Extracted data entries
════════
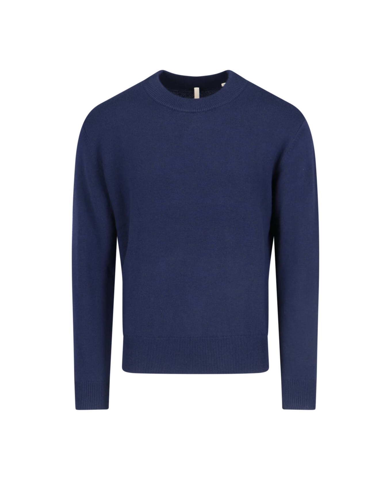 Classic sweater in merino wool, blue, navy shades, crew neck, ribbed trim, straight hem.
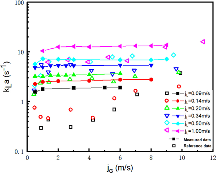 At this point, it is obviously seen that the calculated result of Eq. 17 is only correlated with K and the concentration of OH− at the inlet and outlet, which indicates that the volumetric mass transfer coefficient can be calculated with pH directly measured by a pH meter. HC is 0.04 mol/(L bar) at 298 K [20].
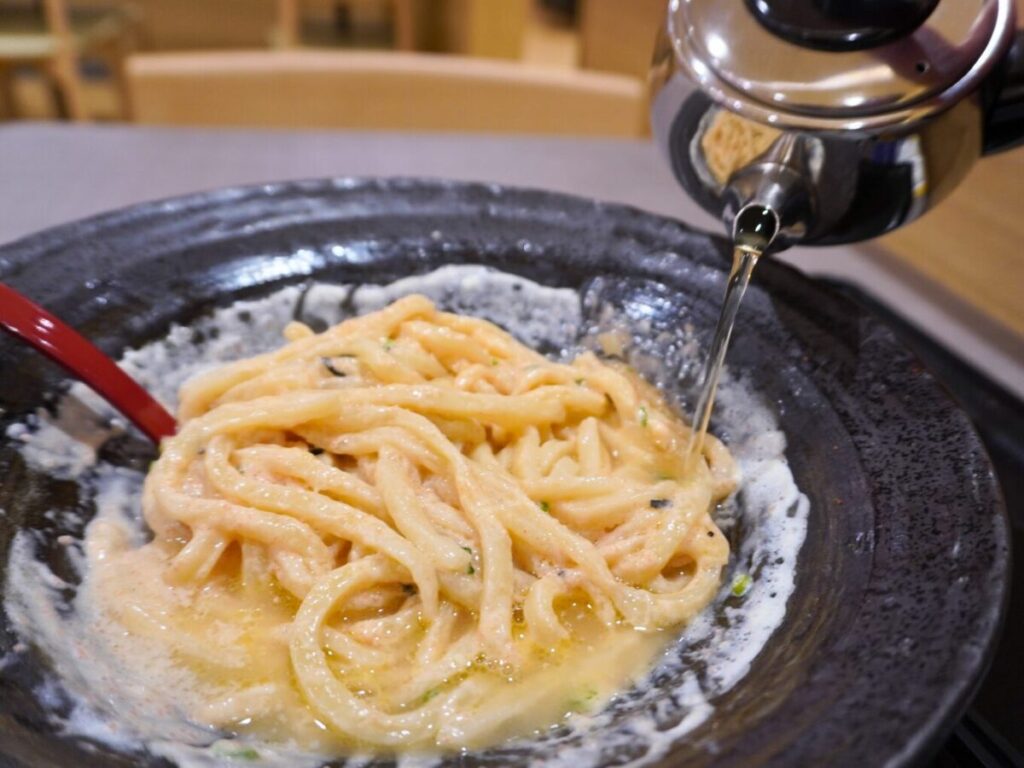 美味しい食べ方の説明がありました。まずは、白いクリームとうどんをしっかり絡まるように混ぜます。
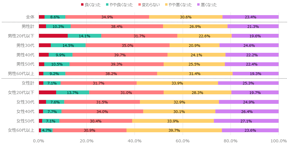 - 男女ともに年代が上がるにつれて、良くなったが減り、悪くなったが増える結果となった。
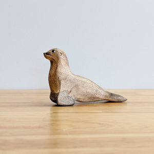 The sweet NOM Handcrafted Sea Lion has been carefully handpainted in a soft chocolate brown, with slightly darker flippers and tail. She has gently feathered whiskers and curious eyes.
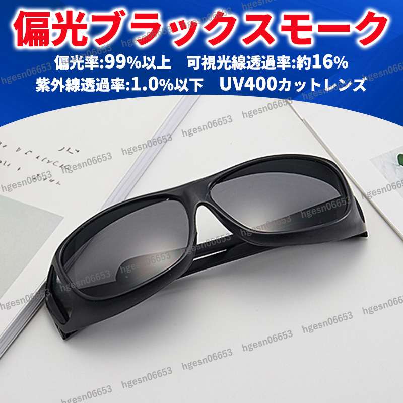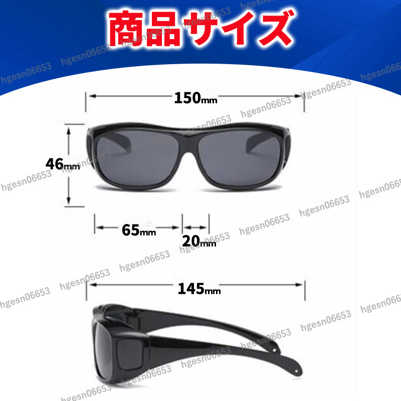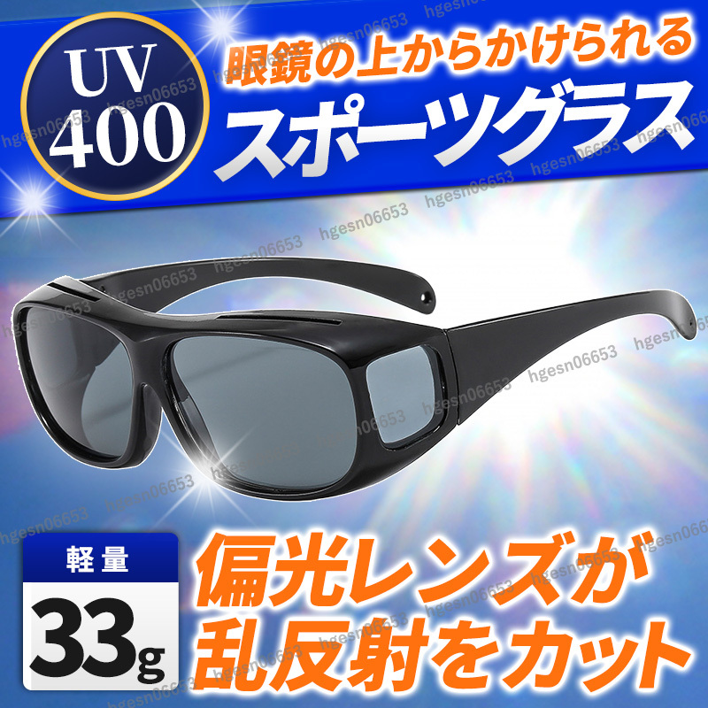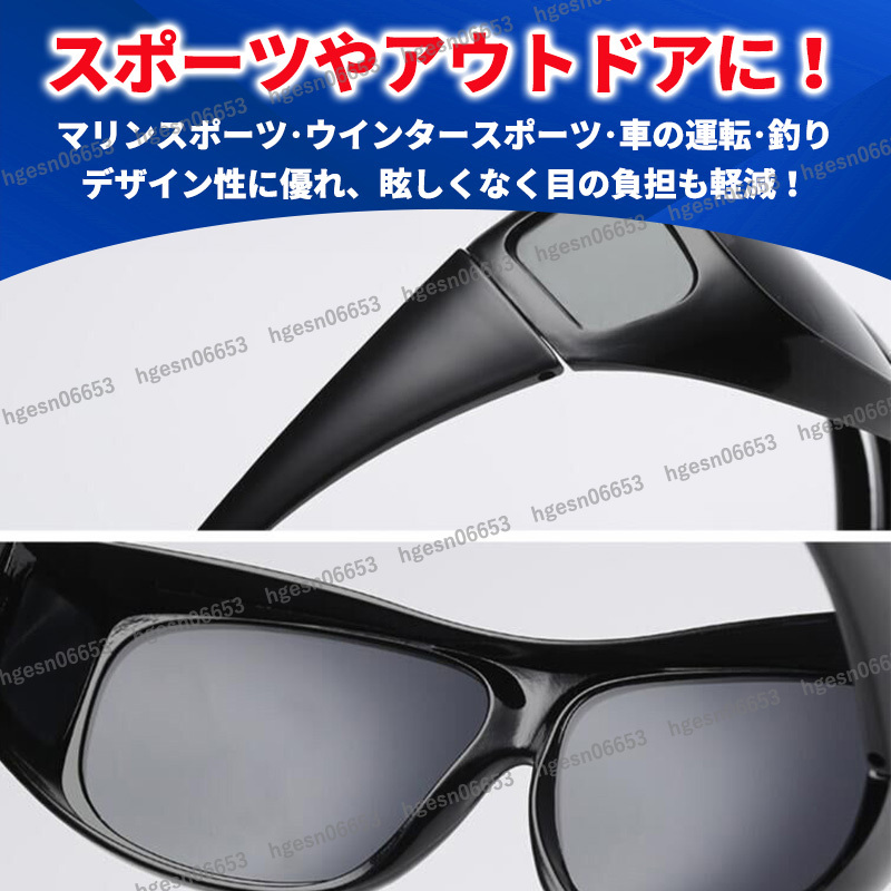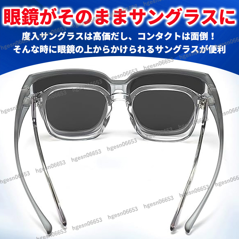 眼鏡の上からかけられる 偏光オーバースポーツサングラスです。 スモークレンズとマットブラックフレームが特徴です。 ドライアイやアレルギーでコンタクトレンズが使えず、 眼鏡を常に着用しているなら、「度付きのサングラスにかけかえるのは 面倒だし、金銭的にも負担が大きい」と感じることがあるかもしれません。 そんな時には、オーバーサングラスを試してみませんか? 【紫外線の怖さ】 肌の紫外線対策には気を遣っても、目の紫外線対策は忘れがちです。 冬でも2月には真夏の80%ほどの紫外線が降り注いでいます。 裸眼で紫外線を浴び続けると年齢とともに目の病気のリスクが高まります。 【オーバーサングラスの特徴】 UV400対応 紫外線を99%カットし、瞳を守ります。 サイドプロテクション: サイドからの紫外線も強力にブロックし、 防風・防塵対策にも最適です。 偏光レンズ: 路面や水面の反射光をカットし自然光のみを通して 見通しを良くします。 対応眼鏡サイズ 使用可能な眼鏡のサイズは約147x43ミリです。 ただし、眼鏡の形状や仕様によっては使用できない場合があります。 オーバーサングラスを使えば、普段の眼鏡の上から簡単に装着でき、 紫外線対策もバッチリです。ぜひ一度お試しください。 | ||||
════════
### What you have to do
Above, find the line holding "At this point, it" and the line holding "The sweet NOM Handcrafted". Print exactly those two lines and every line between them, but no pictures.

### Task answer
 At this point, it is obviously seen that the calculated result of Eq. 17 is only correlated with K and the concentration of OH− at the inlet and outlet, which indicates that the volumetric mass transfer coefficient can be calculated with pH directly measured by a pH meter. HC is 0.04 mol/(L bar) at 298 K [20].
 美味しい食べ方の説明がありました。まずは、白いクリームとうどんをしっかり絡まるように混ぜます。
 - 男女ともに年代が上がるにつれて、良くなったが減り、悪くなったが増える結果となった。
 The sweet NOM Handcrafted Sea Lion has been carefully handpainted in a soft chocolate brown, with slightly darker flippers and tail. She has gently feathered whiskers and curious eyes.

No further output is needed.